Similar to the UK, France currently exercises a noise vehicle limit using noise cameras, though it does rely on the police’s ability to catch the person in the act of the noise violation.
A French town situated on the outskirts of Paris has gone about tackling the loud motorcycle exhausts by placing a ‘noise radar’ which is capable of identifying not only the vehicle committing the offence but also the location of the vehicle.
The noise cameras are linked to CCTV
Linked to the Police CCTV cameras it allows a ticket to be issued directly to the offender. As reported by road users the system is currently located in the centre of Villeneuve-le-Roi. The system is set to go live as soon as the law that permits this technology is passed.

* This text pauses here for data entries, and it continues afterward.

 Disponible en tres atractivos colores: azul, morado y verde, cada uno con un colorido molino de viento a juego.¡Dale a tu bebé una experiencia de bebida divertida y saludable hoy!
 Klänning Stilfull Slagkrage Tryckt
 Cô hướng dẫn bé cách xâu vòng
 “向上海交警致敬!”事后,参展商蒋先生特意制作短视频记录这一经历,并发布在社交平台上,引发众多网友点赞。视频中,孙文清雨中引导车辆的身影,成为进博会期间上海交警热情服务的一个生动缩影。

The new system was created by Bruitparif, it uses four microphones to measure the decibel levels every tenth of a second. Subsequently, this can be used to track the original source of the sound. This is shown in a series of coloured dots situated behind the machine, known as an ‘acoustic wake.’
In a more isolated part of France, noise is also being tracked in the hills of Saint-Forget which is situated outside Paris. This is one of the most popular routes amongst motorcyclists, the plan is that two further devices will be installed in this location during September.

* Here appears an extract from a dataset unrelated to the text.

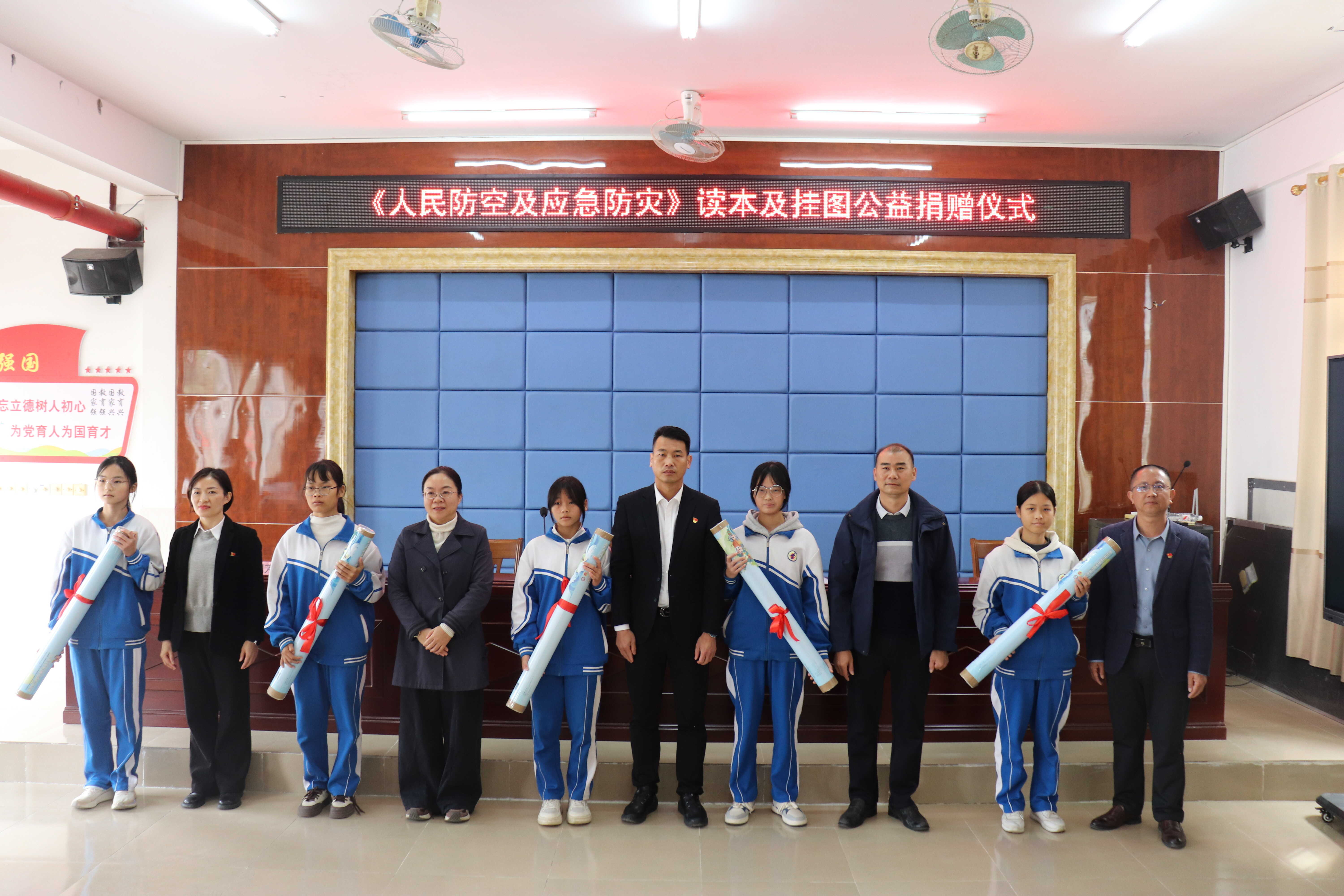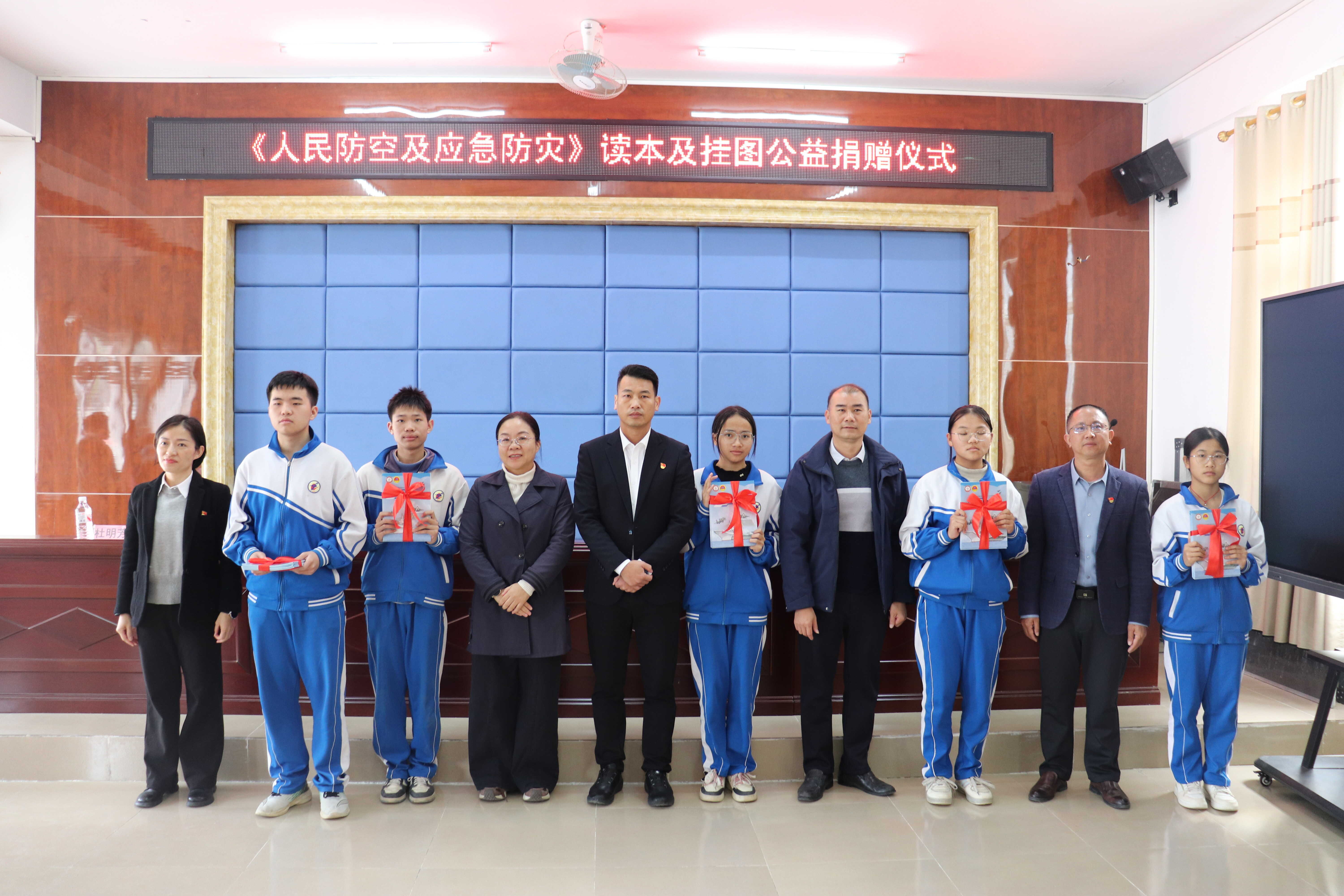 为深入普及国防动员及人防知识,强化青少年国防观念,凝聚社会合力推进全民国防教育落地见效,根据自治区国动办“我为戍边添光彩”宣传教育实践活动的统一部署,1月9日上午,钦州市国动办联合市教育局、中国电信钦州分公司,在钦北区长滩中学举行《人民防空及应急防灾》读本及挂图公益捐赠仪式。活动以“捐赠人防读物 深化国防教育 共筑安全防线”为主题,搭建起政、企、校沟通协作的桥梁,为青少年国防教育建设注入强劲动力。

Noise cameras are also going to be tested in the UK hoping to cut down on the use of illegal exhausts
The announcement from the Department for Transport came on the 8th June. They stated that they will be trialling new ‘noise cameras’ which are designed to home in on the motorists that are breaking the legal volume limits. The plan for several locations to have these cameras installed and tested during the course of the next few months will decide on the future of ‘noise cameras’. If successful they will be further developed across the United Kingdom.
The cameras are aimed at motorists with loud exhausts
These noise cameras are aimed at both motorcyclists and drivers that have illegal exhausts on their vehicle as well as individuals who rev their engines excessively. This will work by a microphone recording the sound of the passing vehicle, following that, ANPR, video and image capturing cameras will create visual data against the vehicle committing the offence.
Quoting from the Transport Secretary, Chris Grayling said “Noise pollution makes the lives of people in communities across Britain an absolute misery and has very serious health impacts.
“This is why I am determined to crack down on the nuisance drivers who blight our streets. New technology will help us lead the way in making our towns and cities quieter, and I look forward to seeing how these exciting new cameras could work.”
The cameras will ultimately free up police time
Currently, the process of enforcing legal noise limits is carried out by patrolling police officers. Nonetheless, the new systems will have the ability to determine whether the law has been breached by looking into the class and speed of the vehicle in conjunction with the location of the camera.
Tony Campbell, CEO of the Motorcycle Industry Association commented “With growing pressure on the environment, including noise pollution, illegal exhausts fitted by some riders attract unwanted attention to the motorcycle community and do nothing to promote the many benefits motorcycles can offer. All manufacturers produce new motorcycles that follow strict regulations regarding noise and emissions and we welcome these trials as a potential way of detecting excessive noise in our community.”
Long-term exposure can cause mental and physical issues
Following studies that revealed long-term exposure to certain levels of noise can cause mental and physical health problems. Two of the health conditions that have been linked to noise exposure are stress and high blood pressure. Having high blood pressure can increase the risk of stroke and heart disease. This is the main initiation for the trial to be carried out, putting the health of the public first.
Concluding this noise violation is an important issue to tackle. Particularly those who violate the legal noise levels. Often they are the ones contributing to the risk of health problems in the public. The noise cameras will be a massive aid to the police force. Currently, they struggle to tackle the noise levels due to only having patrolling officers.